■ **Task inputs**:
- Opening Delimiter -

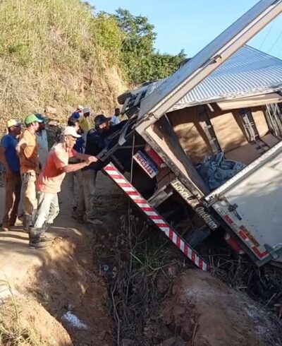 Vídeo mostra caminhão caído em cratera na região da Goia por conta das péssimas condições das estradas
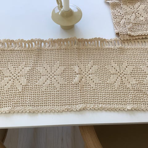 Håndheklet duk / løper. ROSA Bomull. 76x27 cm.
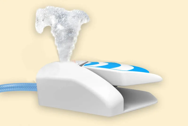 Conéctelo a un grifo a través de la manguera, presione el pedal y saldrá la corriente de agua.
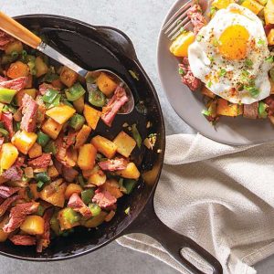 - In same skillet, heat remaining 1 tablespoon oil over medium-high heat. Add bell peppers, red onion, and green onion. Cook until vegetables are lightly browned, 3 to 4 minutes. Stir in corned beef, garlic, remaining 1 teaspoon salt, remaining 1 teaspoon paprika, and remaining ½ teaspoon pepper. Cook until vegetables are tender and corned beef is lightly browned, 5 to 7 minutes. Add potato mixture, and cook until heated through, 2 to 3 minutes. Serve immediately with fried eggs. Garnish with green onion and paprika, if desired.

- Closing Delimiter -
- Opening Delimiter -

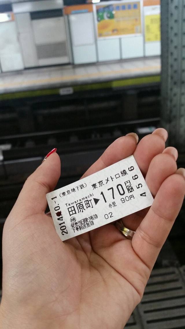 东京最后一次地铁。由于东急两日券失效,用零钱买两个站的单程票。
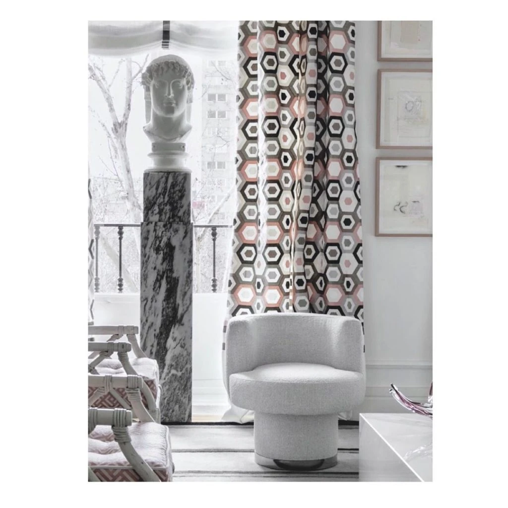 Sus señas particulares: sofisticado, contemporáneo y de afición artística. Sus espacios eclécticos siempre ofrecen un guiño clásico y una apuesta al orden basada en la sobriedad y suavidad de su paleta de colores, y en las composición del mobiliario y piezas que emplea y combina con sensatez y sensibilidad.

- Closing Delimiter -
- Opening Delimiter -

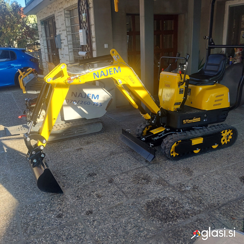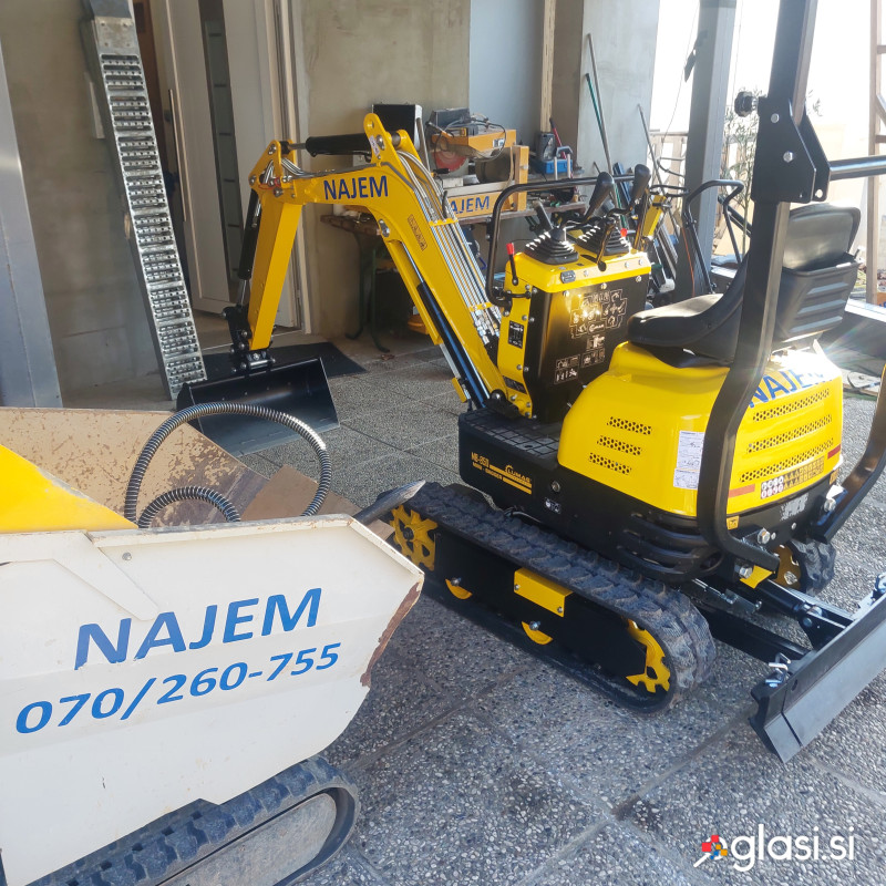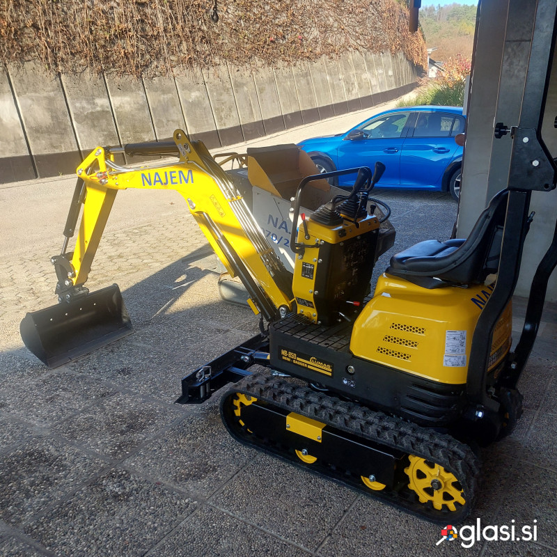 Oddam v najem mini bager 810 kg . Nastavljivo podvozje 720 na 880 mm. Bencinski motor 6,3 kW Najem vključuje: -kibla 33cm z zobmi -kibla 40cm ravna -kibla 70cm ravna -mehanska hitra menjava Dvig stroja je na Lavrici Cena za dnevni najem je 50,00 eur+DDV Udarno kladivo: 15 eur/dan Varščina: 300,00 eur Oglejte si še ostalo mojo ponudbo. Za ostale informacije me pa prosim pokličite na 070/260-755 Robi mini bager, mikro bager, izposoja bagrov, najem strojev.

- Closing Delimiter -

■ **Work instruction**: Beginning at the line above that contains "Conéctelo a un", repeat each line exactly through the one that contains "- In same skillet, heat", and leave out the pictures.

■ **Written solution**:
 Conéctelo a un grifo a través de la manguera, presione el pedal y saldrá la corriente de agua.
 - In same skillet, heat remaining 1 tablespoon oil over medium-high heat. Add bell peppers, red onion, and green onion. Cook until vegetables are lightly browned, 3 to 4 minutes. Stir in corned beef, garlic, remaining 1 teaspoon salt, remaining 1 teaspoon paprika, and remaining ½ teaspoon pepper. Cook until vegetables are tender and corned beef is lightly browned, 5 to 7 minutes. Add potato mixture, and cook until heated through, 2 to 3 minutes. Serve immediately with fried eggs. Garnish with green onion and paprika, if desired.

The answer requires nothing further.